**Stored dataset items**
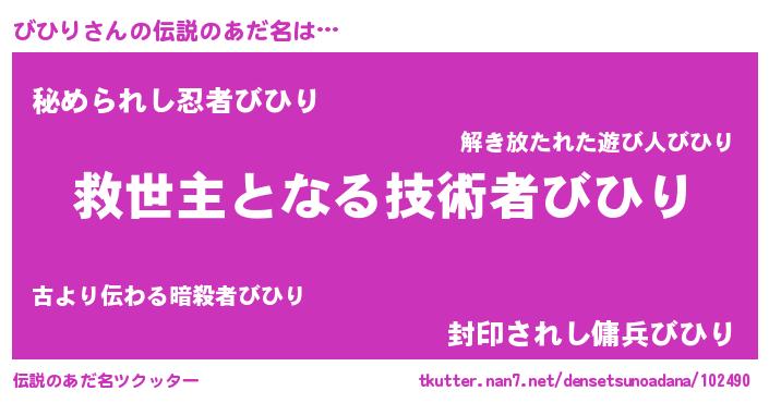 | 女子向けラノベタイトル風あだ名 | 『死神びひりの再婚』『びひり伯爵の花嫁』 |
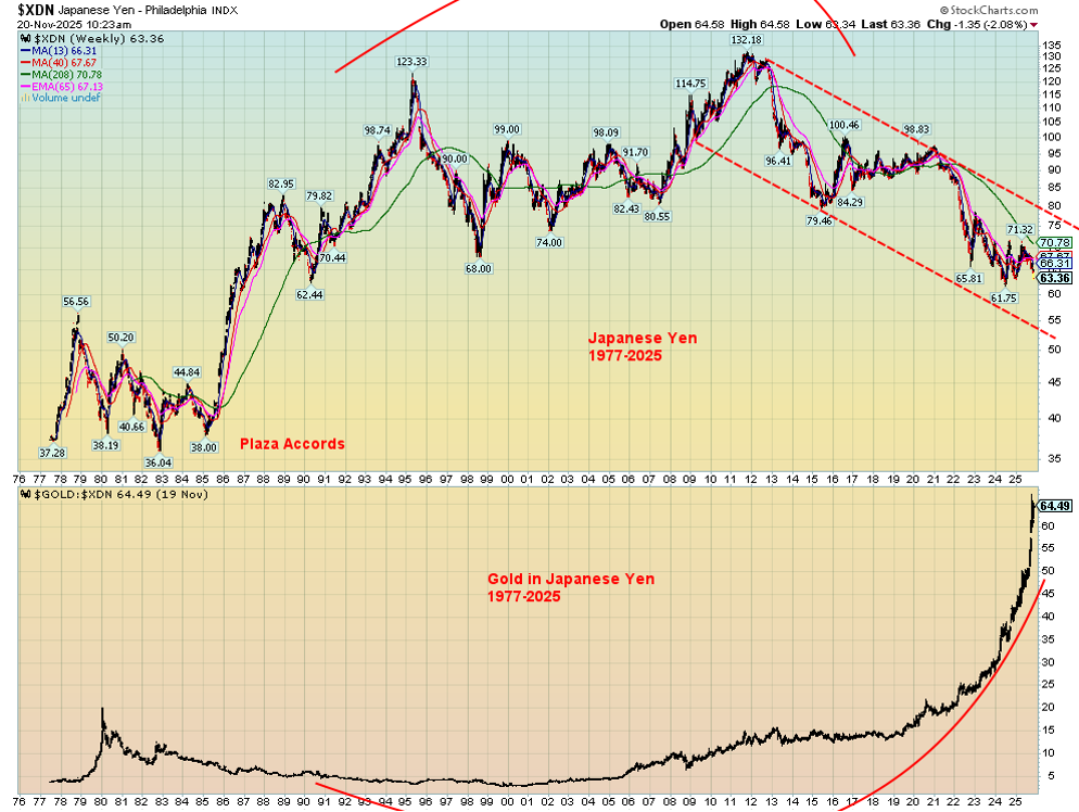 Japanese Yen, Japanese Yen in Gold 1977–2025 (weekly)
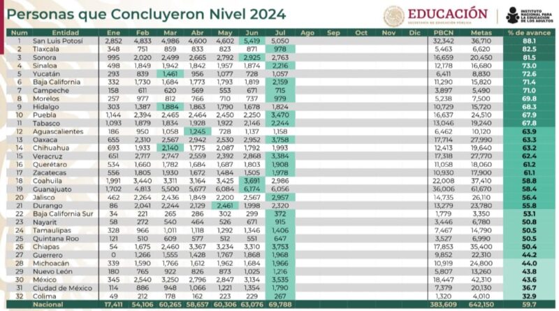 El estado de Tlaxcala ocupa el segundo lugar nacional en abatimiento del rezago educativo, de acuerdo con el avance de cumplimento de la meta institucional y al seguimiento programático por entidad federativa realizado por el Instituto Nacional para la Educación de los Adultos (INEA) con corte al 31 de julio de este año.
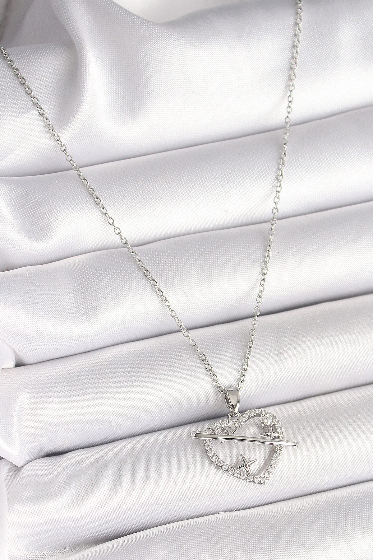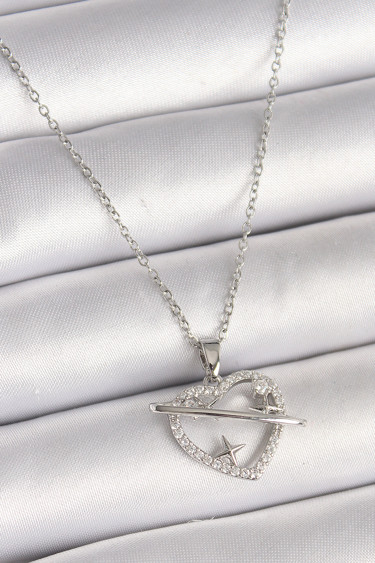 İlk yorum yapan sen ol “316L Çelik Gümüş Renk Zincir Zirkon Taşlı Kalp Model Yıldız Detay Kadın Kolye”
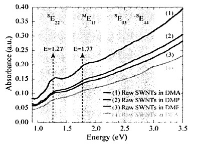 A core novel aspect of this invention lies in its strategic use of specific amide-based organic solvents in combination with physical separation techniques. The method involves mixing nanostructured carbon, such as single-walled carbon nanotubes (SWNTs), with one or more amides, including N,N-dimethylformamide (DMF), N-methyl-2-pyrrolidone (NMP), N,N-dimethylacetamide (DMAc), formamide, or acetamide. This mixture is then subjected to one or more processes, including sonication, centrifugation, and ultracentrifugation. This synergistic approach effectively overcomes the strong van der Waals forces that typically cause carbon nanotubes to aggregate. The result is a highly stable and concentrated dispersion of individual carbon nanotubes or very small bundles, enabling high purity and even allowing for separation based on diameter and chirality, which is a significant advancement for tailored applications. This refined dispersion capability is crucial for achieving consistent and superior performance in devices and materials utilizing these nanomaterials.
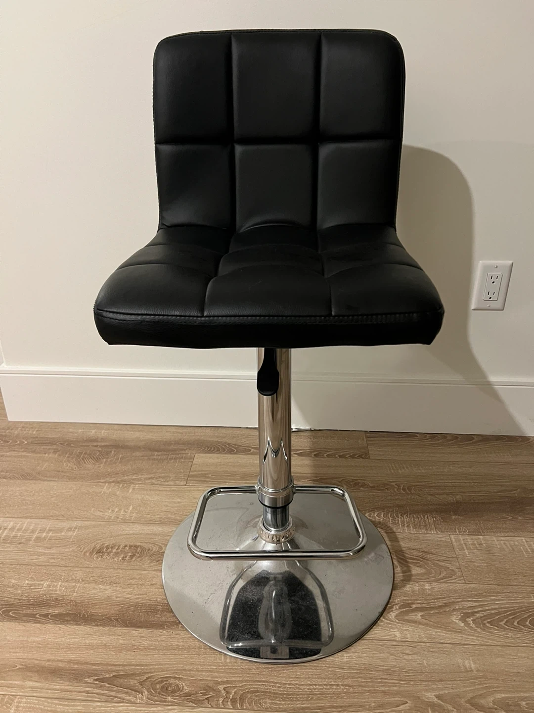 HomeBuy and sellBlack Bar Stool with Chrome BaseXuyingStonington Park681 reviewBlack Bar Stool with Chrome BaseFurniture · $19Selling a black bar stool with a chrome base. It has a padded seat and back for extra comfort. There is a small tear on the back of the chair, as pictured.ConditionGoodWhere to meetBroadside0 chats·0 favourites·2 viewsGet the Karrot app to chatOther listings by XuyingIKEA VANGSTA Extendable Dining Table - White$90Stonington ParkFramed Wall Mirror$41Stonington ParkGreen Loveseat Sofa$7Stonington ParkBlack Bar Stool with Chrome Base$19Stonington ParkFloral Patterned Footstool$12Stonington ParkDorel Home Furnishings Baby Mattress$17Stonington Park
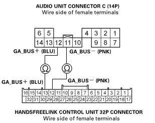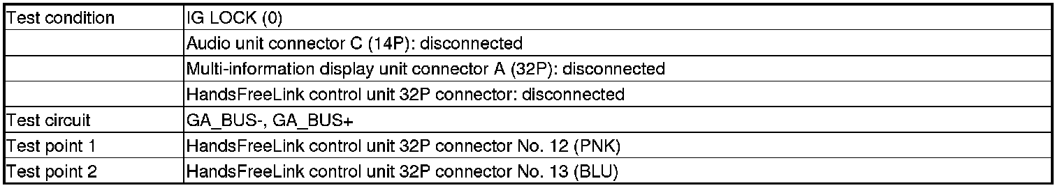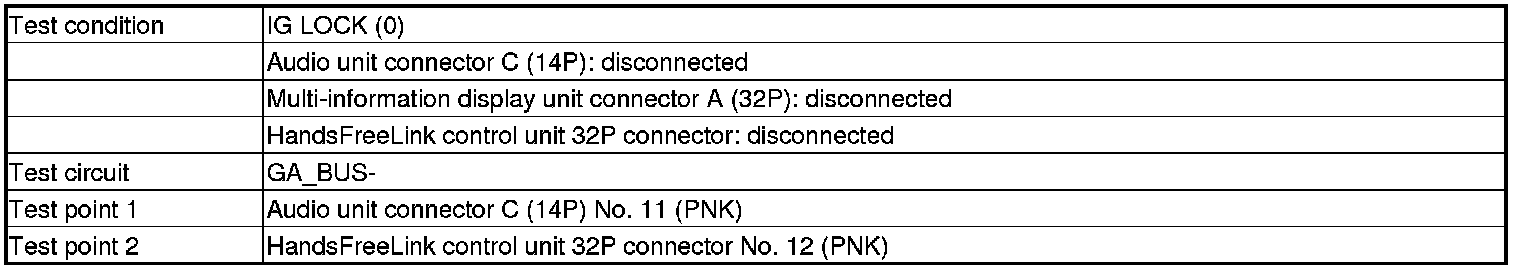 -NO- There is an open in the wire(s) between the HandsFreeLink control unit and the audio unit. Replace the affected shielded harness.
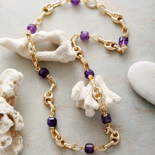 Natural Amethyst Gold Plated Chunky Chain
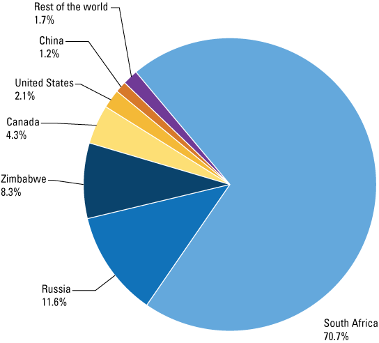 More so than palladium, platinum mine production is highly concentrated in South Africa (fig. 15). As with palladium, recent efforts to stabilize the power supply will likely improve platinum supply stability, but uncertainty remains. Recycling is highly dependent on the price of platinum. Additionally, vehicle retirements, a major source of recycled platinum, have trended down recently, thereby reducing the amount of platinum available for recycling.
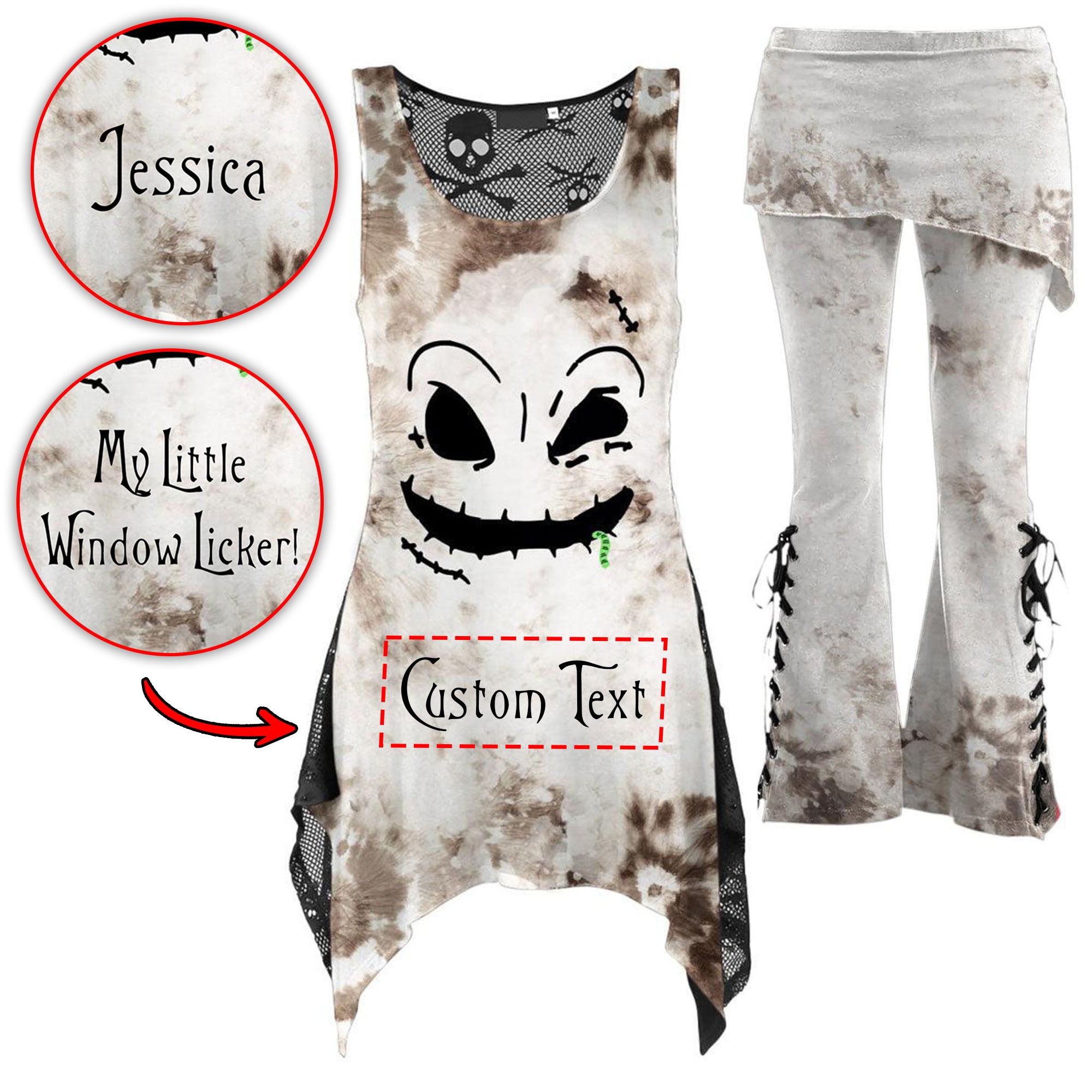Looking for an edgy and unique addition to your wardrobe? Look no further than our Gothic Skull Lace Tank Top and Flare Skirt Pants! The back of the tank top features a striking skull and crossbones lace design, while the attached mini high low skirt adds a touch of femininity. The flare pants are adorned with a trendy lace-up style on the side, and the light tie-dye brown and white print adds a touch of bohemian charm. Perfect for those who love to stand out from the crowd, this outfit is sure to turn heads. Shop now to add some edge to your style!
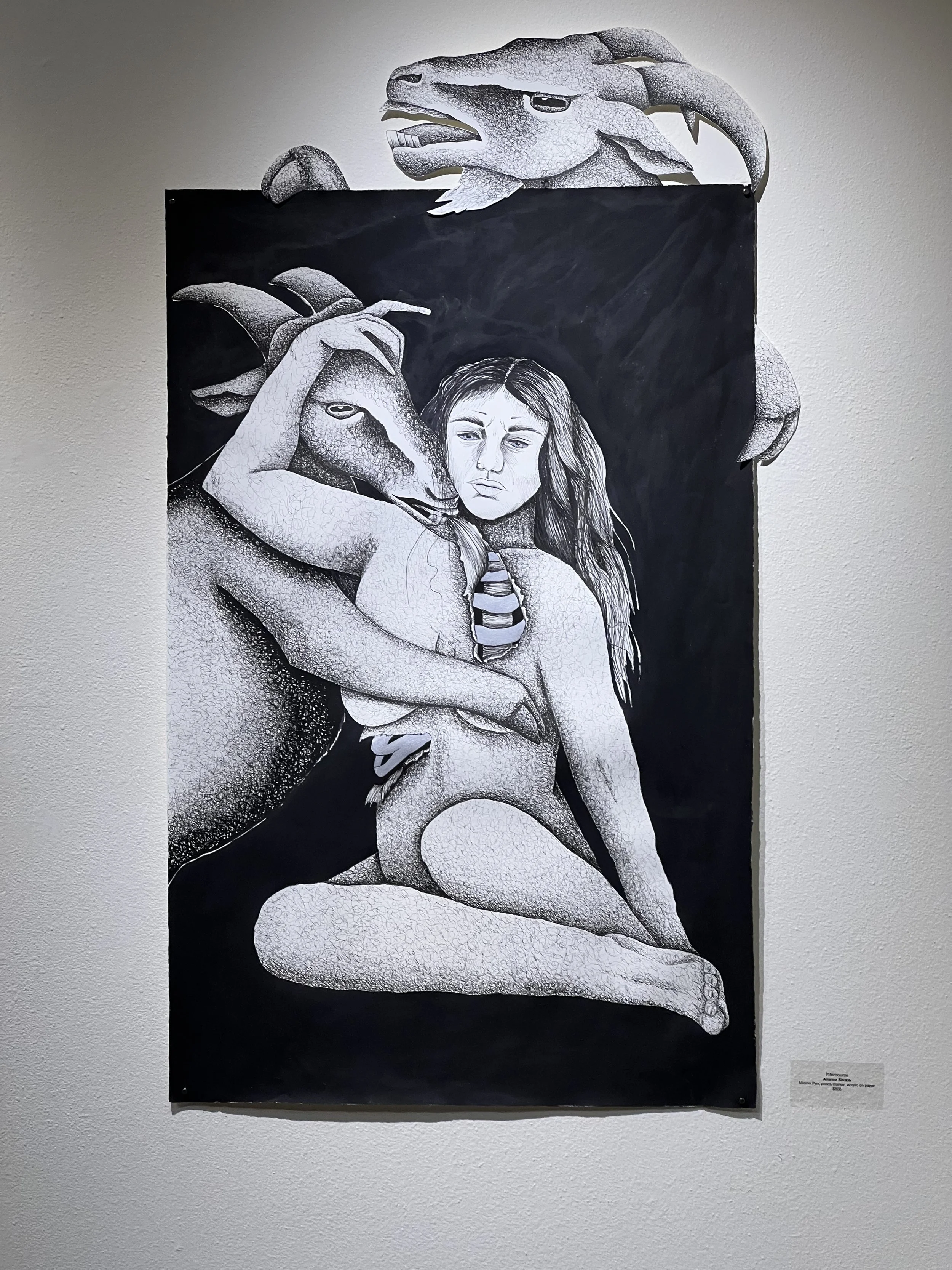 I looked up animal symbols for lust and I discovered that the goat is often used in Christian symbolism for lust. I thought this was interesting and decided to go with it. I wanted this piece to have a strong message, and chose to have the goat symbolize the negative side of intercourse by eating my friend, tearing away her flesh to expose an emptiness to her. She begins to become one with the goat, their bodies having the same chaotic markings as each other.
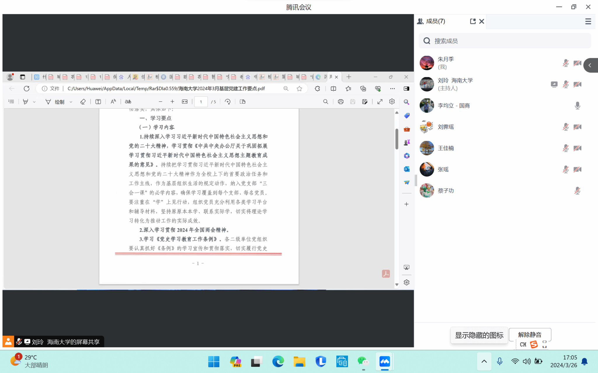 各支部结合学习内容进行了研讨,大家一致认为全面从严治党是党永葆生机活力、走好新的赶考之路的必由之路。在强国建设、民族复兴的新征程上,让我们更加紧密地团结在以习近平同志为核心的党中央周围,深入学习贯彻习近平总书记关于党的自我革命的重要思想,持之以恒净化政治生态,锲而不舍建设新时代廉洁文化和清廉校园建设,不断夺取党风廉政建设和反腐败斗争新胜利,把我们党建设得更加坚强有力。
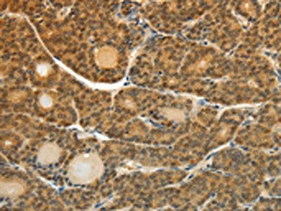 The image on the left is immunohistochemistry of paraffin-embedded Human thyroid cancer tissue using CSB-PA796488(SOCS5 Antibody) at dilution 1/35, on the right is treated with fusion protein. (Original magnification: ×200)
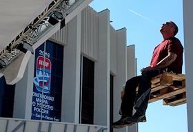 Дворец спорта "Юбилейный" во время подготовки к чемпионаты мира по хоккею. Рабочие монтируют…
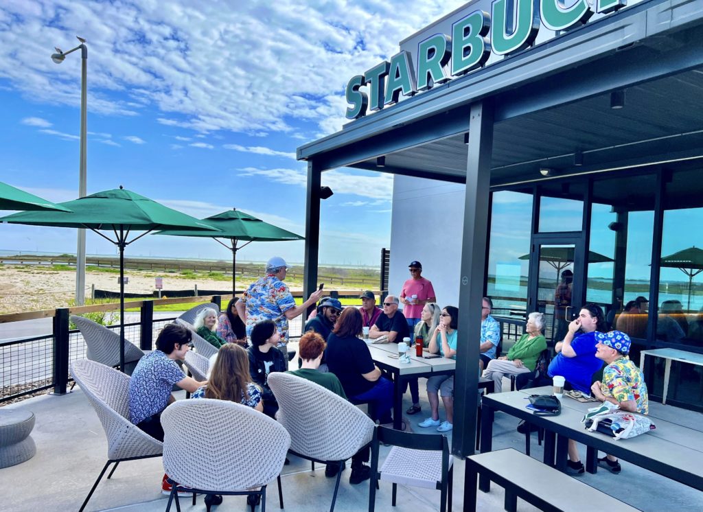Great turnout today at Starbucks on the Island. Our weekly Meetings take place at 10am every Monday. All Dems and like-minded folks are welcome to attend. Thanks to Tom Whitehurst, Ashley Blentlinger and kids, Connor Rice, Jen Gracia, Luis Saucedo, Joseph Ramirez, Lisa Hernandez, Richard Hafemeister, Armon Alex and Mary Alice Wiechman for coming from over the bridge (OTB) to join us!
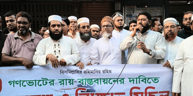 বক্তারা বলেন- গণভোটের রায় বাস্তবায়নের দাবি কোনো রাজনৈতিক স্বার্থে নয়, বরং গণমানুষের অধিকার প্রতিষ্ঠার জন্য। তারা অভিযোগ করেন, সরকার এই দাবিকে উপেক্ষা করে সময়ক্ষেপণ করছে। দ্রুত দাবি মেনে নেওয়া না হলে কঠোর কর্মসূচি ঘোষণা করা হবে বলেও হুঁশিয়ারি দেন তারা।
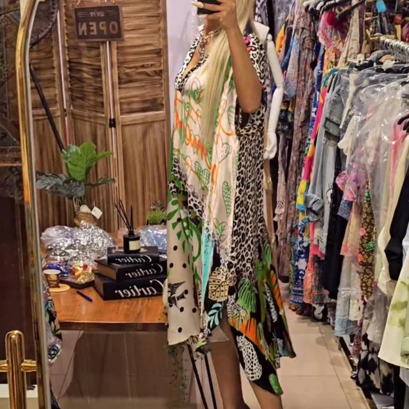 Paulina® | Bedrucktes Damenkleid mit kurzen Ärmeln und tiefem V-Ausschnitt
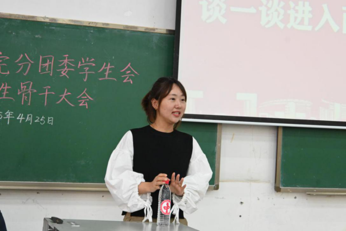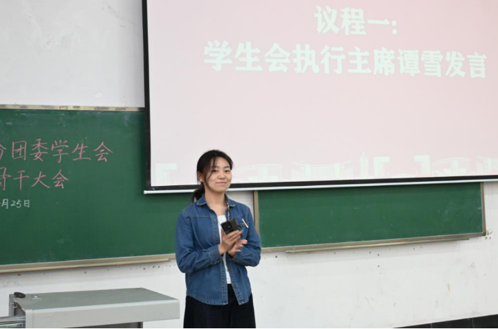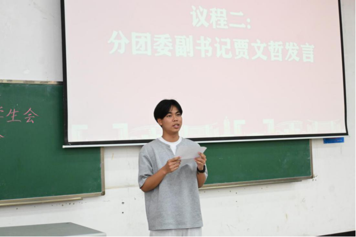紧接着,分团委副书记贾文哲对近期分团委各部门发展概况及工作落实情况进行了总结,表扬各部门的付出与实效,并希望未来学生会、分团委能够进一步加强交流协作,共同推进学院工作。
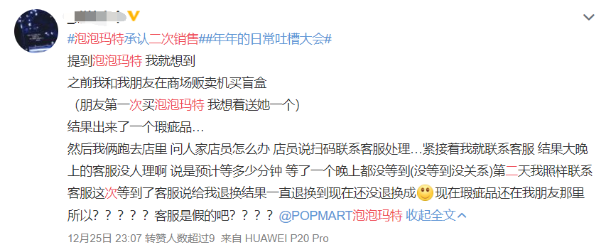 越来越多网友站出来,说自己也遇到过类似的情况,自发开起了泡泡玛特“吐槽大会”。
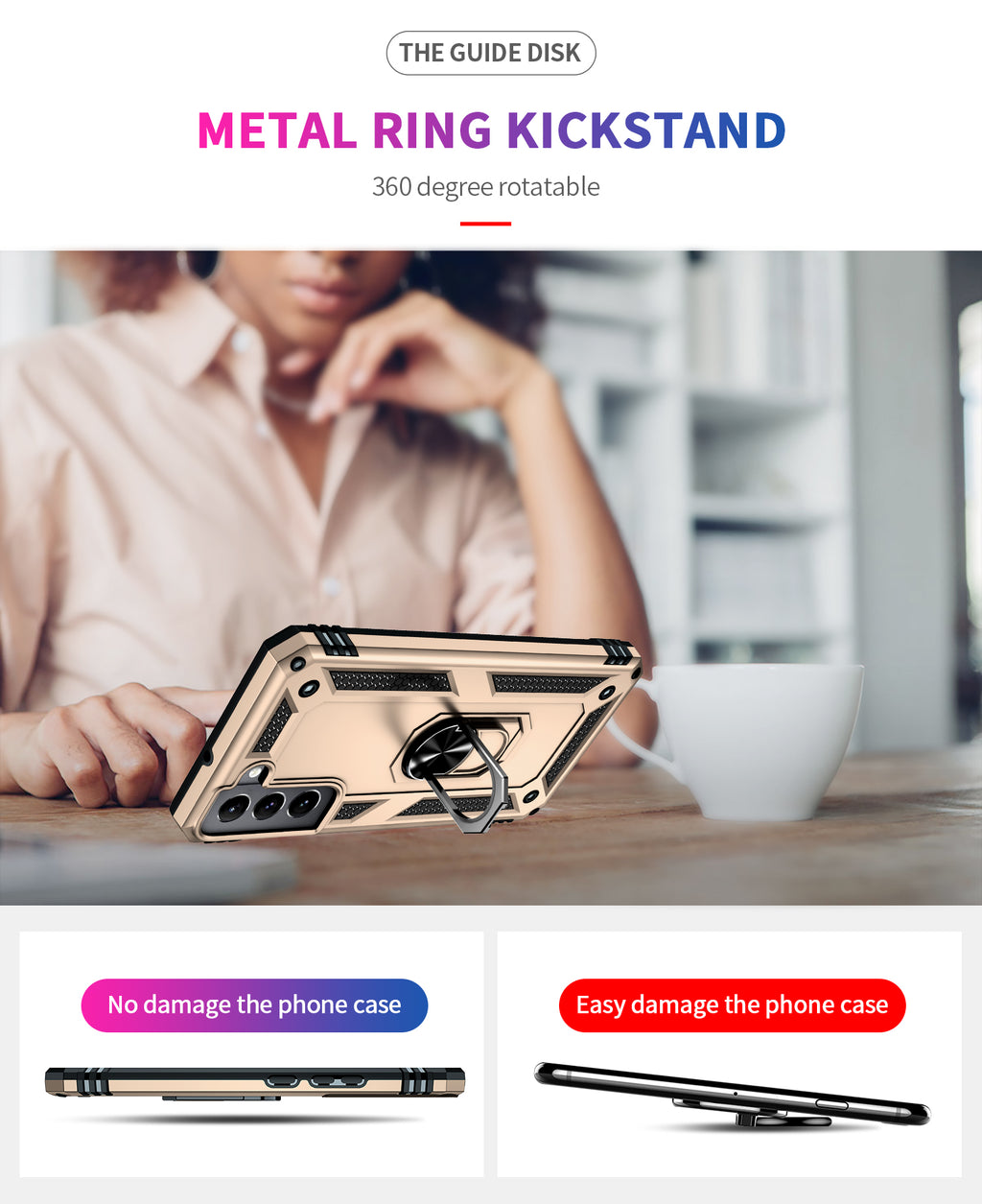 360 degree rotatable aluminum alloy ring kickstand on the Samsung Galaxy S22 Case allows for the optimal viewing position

**Work task**
Please return only the lines from the top of the data through the line with "Japanese Yen, Japanese", exactly as written, and drop every picture.

**Reply to the task**
 | 女子向けラノベタイトル風あだ名 | 『死神びひりの再婚』『びひり伯爵の花嫁』 |
 Japanese Yen, Japanese Yen in Gold 1977–2025 (weekly)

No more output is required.